One step at a time

University of BristolRhiannon Easterbrook is a second-year PhD candidate in the Department of Classics and Ancient History.  Having gained degrees from Cambridge and UCL, she took a few years out to work but is delighted to be back in academia. Her work is on classical reception in performance and performativity in Britain, 1895-1914. She is interested in how the Edwardians used ideas from the ancient world to think about embodiment, gender, and sexuality.

When, in my first meeting, my supervisor asked me if I was familiar with the psychology of long-distance running, I was apprehensive.  When he followed this up with a warning that I will “face [my] demons” as part of my research, I really began to wonder what I was letting myself in for.

I have never liked running and am not particularly into demons – my own or other people’s.  I began to worry that I had set myself up for the sequel of Marathon Man. Trying not to clutch my mouth in self-defence, I waited for whatever grim surprises lay ahead.

Looking back, my supervisor had a point, however.  Although I haven’t exactly been tormented by nightly apparitions of my deepest, darkest self, I have had to keep an eye on my mind-set and this has been more obvious to me now than at any other point since I started. You see, two months ago I completed my upgrade.

For those of you who don’t know, an upgrade is where you go from being a lowly MLitt student to the, err, heights of doctoral candidate.  In order to make the change you have to demonstrate through a written submission and viva that you have made sufficient progress in your research and that you have project which is worthwhile and able to be completed on time. Hours of toil went into producing an 11,000-word sample of my first chapter, a detailed thesis plan, and a schedule of work.  Bearing in mind that prior to this degree, I had never studied the Edwardian period or used an archive and that, while my MA thesis had been in the same field, was on something completely different, you can imagine that it took me quite a lot of work to get to this point. And that’s on top of settling into a new city and earning my keep.  Suffice to say, an upgrade can be a pretty stressful way to end your first year!

After all that work is the assessment with two internal examiners.  There were some good moments, such as the time I almost got an impression that they might have enjoyed reading the thing.  There were some not-so-good moments (oddly enough, those tangential paragraphs I tried to sneak in did actually get noticed by two people with years of experience in academic writing). There was one bit that was just plain embarrassing (not sure how I managed to start talking about the Singing Bush in The Three Amigos but it was something about slaves being treated as part of the flora and fauna). Overall, it was tough and I came out feeling bruised but positive, tired but hopeful.

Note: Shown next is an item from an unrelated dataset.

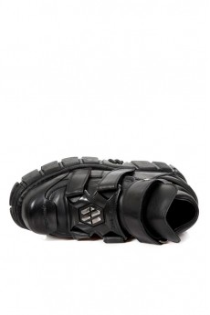 Черные кожаные кроссовки на высокой платформе TANK-106

However, as helpful as the process is (or should be) in getting you to evaluate your project, the period afterwards is, in many ways, even more difficult than the weeks before submission.  The first year is dominated by this looming deadline but, once that passes, all that is left is handing in the full thesis, an event which is at least two years down the line.   Now that the pressure is off, self-discipline and focus become even more important in the intellectual marathon my supervisor warned me about.  In addition, being forced by my assessors to reappraise my work – despite knowing that it needed reappraisal – is still a blow to the ego.  PhD research becomes a part of your identity and no one likes having their identity challenged.  Having repeatedly chewed over the upgrade problem with friends who are ahead of me, I knew this would happen but there’s a difference between seeing a route and running it.

So, how am I doing?  Well, it could be better.  Like many a self-funded arts PhD, I work to support myself and there are times when my various side-jobs and duties threaten to take me on a detour.  I also occasionally like to pretend I have a social life.  Yet, I still seem to be researching.  I look out for the landmarks on my way – the conferences I’m contributing to, the mutual support from my comrades-in-research, those small but significant breakthroughs in my thinking – and most of all, I keep putting one foot in front of the other.